A Million Good for Every Bad
Working in any health care field is not easy. The hours are often long, and many professionals are on call several hours a day. In her over 20 years in the profession, Silva says what keeps her energized is, hands down, the people. “You can’t help but be energized when you are surrounded by people every day that just want to do the right thing,” she says.
She lights up speaking about a friend, also named Sarah, who is just a phone call away.

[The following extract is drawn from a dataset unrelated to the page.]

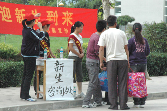 迎新工作以学生为本,服务热情周到,让新生满意,让家长放心: “绿色通道”的开通使新生报到更加即时、方便,新生家长临时休息室的人性化服务设置让他们感到更加温馨体贴,迎新志愿者帮助拎行李、解答疑难问题,积极为新生家长提供热情周到得服务,到处彰显了一切从学生及家长的实际需要出发。

“At any point, if I feel like I am having a bad moment, or there’s something that’s weighing me down, I know she’s just a phone call away,” she says. The profession is filled with people like her.
“When you’re done talking to them, they will have reminded you why the bad moment is okay, because there are a million more good moments than bad. They’ll say, ‘Okay, but do you want to hear what happened at this community today? Because you’ll love this story.’”
“Sometimes when you’re in a leadership position, your phone tends to ring with news that something bad has happened, but what keeps me energized is remembering that there’s a million good things for every one of those bad ones.”
Amy Mendoza is a freelance writer and editor specializing in long term care, health policy, and health care operations.